Styner worked with the city’s planning department to develop a checklist of ways to make new developments and re-developments handicapped accessible.

“He spoke so eloquently,” said Gramlich. “He knew how to talk to people and they were always interested. He didn’t talk about facts and figures and boring stuff, he’d tell a story. A fabulous story teller, you tell people a story and it means more, much more.

Flewwelling said he admired Styner and how after the crash that gave Styner his disability “he just continued to use that brain of his and that will to help other people.”

“He was dedicated to improving the lot of people with disabilities and making sure they have maximum access and mobility,” said Flewwelling.

Both Flewwelling and Jablonski talked about Styner’s work for accessibility and visitability.

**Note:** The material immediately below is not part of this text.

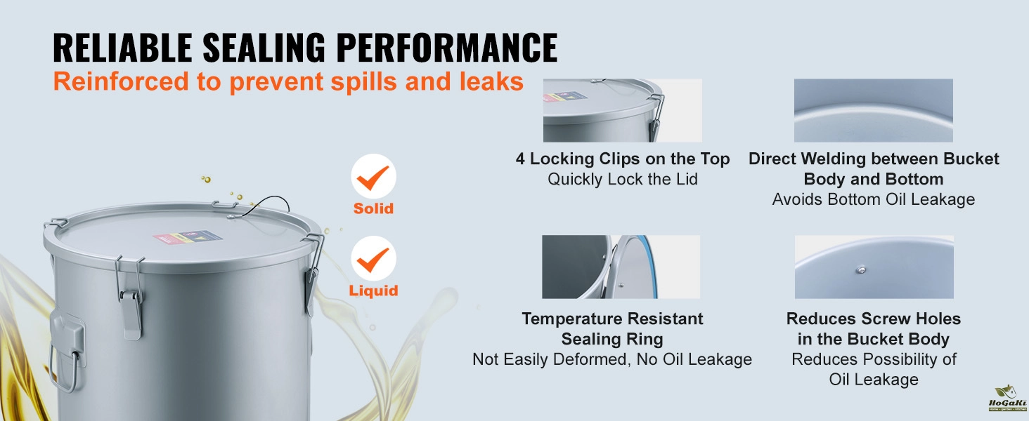 Excellent Sealing: Say hello to four handy quick-locking clips! They snugly secure the lid with just a simple press. And with a built-in high-temperature-resistant sealing ring, you can kiss leaks goodbye! No spills, no mess—just sealed freshness all the way. Plus, the grease bucket body is welded to the bottom to prevent any sneaky oil leaks.

“I have eight steps going up to my front door and he (Styner) said ‘I can’t visit you Mary Anne. You need to have visitability,’” said Jablonski. “He taught many people about the importance of these two things. He strove for equality of all people whether they had a disability or not.”

“We didn’t have a ramp and we have five steps at the front of our house,” said Flewwelling. “One time I said to him we can entertain in the backyard, then I realized to get into our backyard you had to go through the garage door and go up three steps just to get into the backyard.

“He wanted to make sure that when people were building residential structures they would provide, as much as they could, ground level entry and wide doors.”

The premier’s council Styner served on named an award in his honour, one of three the council on the status of persons with disabilities gives out. The Marlin Styner achievement award is awarded to an Albertan with a disability and through their personal or professional achievements have brought greater recognition to the abilities of all persons with disabilities.

“He lived a very full life and I was so lucky to be along the ride with him for the last 13 and a half years,” said Gramlich. “I always maintained hope that we’d have another day and we were thankful for everyday we had and hopeful for another day.